Литмир - Электронная Библиотека
Содержание  
A
A

Но шум разбудил-таки генерал-прокурора. Павла Петровича Ягужинского можно было упрекать в чём угодно — в беспечности, легкомыслии, извечной слабости к женскому полу, но в одном его нельзя было заподозрить — в недостатке мужества! Недаром он отличился в штурме многих фортеций и при гангутской баталии. Вот и сейчас он вырос на пороге, укутанный в широкий персидский халат с зажжённой свечой в одной руке и шпагой в другой.

   — В чём дело, господа, и кто вы такие? — Павел Петрович недоумённо взирал на странных гостей, которые за ноги и за голову поднимали с пола всё ещё не очухавшегося Хвостатого.

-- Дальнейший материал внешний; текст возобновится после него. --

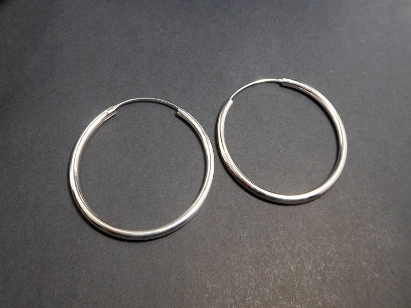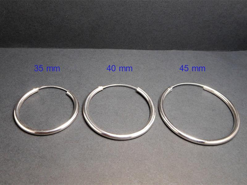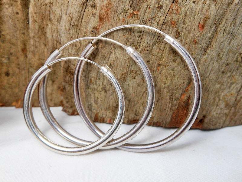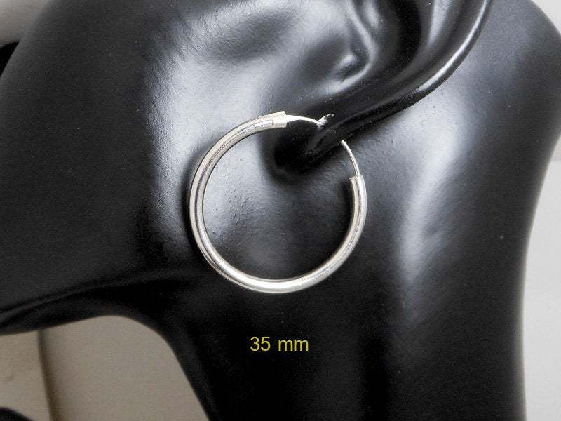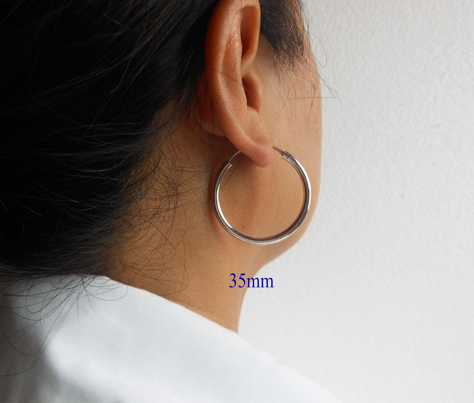 The classic medium sterling silver hoop earrings are 925 sterling silver with handmade womens silver circle earring design in size 35mm, 40mm, 45mm. They are wonderful round close hoop earring to wear daily.

И здесь Роман исполнил своё давнее желание — шагнул вперёд и сорвал у мнимого Краца чёрный парик и накладную бородку. Потом оборотился к Ягужинскому и вытолкнул немца в освещённый свечой круг:

   — Позвольте вам представить, господин генерал-прокурор, — мой лондонский знакомец господин фон Штааль!

Но Ягужинский смотрел не на немца, а на его слугу. От неожиданности он даже попятился и воскликнул в изумлении:

   — Позвольте, но ведь это Джефрис, полковник! Британский резидент в Санкт-Петербурге, сэр Джефрис!

   — Он самый! — сердито буркнул англичанин.

   — И что вы здесь делаете? Хотя... — взгляд генерала упал на распростёртые на полу тела Хвостатого и своего камердинера, — не надо быть прокурором, чтобы догадаться, что вы здесь делаете!

   — Я, я пришёл за моей женщиной, генерал! — вступился меж тем мнимый Крац. — Ведь это я познакомил вас с пани Анелей!

   — Но к чему был этот машкерад: накладная борода и прочее? — всё ещё недоумевал Ягужинский.

   — Просто шутка, генерал, обычный розыгрыш! — заюлил немчик.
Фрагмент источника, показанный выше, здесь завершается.